Werkgroep West: Ab Lagerweij, André Cardol, Herman van der Made en John de Koning
APAN/EXTERN/13 is 84 pagina's dik en is verluchtigd met vele perfecte tekeningen van artefacten door Ab Lagerweij, met kaarten, schema's en een aantal tekeningen van Co Sturkop van de fauna uit het Tiglien en vijf kleurenfoto's om zelf in te plakken. Extern/13 kost € 20 incl. verzendkosten.

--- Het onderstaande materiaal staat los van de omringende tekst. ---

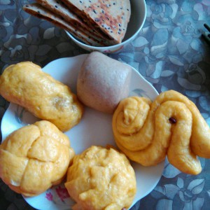 我还做了刺猬包,兔子造型包,绣球包,黑色的是豆腐渣馒头,早上磨豆浆滤出的豆腐渣,黑色是加了核桃仁的原因。

Op 26 september 2009 werd in het Museum Hertogsgemaal te Gewande APAN/EXTERN/13 gepresenteerd. Het is een speciale uitgave, geheel gewijd aan de oudste bewoning van West Europa, nl aan de oudste tot nu toe gevonden artefacten in Engeland. Meer dan een miljoen jaar ouder dan Boxgrove en Pakefield. Door de Werkgroep West van de APAN werd gedurende meerdere korte vakanties, verspreid over enkele jaren, onderzoeken verricht naar artefactvoorkomens in het beroemde Stone Bed voor de kust van East Anglia, nabij het stadje West Runton. De resultaten van deze onderzoeken zijn na vele jaren hard werken gepubliceerd in deze monografie, getiteld:
'Werktuigen uit het Stone Bed van East Anglia, 1.8 miljoen jaar BP'.
Dan gaat het over werktuigen van de Homo erectus.
Het bestaan van de Homo erectus is in de maand november in ons land niet ongemerkt voorbij gegaan. Na het nieuws over de expo van een van de schedels van Dmanisi, in het natuur museum Naturalis in Leiden, was deze oude rakker even wereldnieuws in Nederland. De speciale lezingencyclus in het natuur museum Naturalis te Leiden, op zaterdag 28 november, stond geheel in het teken van de oudste bewoning van Europa. Dit mini-symposium werd goed bezocht, o.a. door een delegatie van tien APAN-leden.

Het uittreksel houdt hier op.